* **GOAL OF THE EXERCISE**
Among the entries below, only the lines starting at the one with "We'll always tell" and ending at the one with "Ukulele de 26", both included, are to be printed exactly.

* **DATA SECTION**
=======

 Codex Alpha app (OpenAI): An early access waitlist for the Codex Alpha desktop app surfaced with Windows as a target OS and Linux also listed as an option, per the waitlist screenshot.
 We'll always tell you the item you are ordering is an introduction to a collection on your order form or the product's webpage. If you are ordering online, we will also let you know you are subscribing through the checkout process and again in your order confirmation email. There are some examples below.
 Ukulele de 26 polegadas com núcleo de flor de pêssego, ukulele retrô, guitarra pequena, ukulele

=======

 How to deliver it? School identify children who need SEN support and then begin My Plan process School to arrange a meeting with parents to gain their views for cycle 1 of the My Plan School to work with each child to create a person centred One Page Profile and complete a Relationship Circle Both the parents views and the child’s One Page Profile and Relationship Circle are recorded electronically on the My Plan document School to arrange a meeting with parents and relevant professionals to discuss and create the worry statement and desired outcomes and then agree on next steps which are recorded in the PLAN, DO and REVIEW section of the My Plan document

=======

* **ANSWER TO THIS PROBLEM**
 We'll always tell you the item you are ordering is an introduction to a collection on your order form or the product's webpage. If you are ordering online, we will also let you know you are subscribing through the checkout process and again in your order confirmation email. There are some examples below.
 Ukulele de 26 polegadas com núcleo de flor de pêssego, ukulele retrô, guitarra pequena, ukulele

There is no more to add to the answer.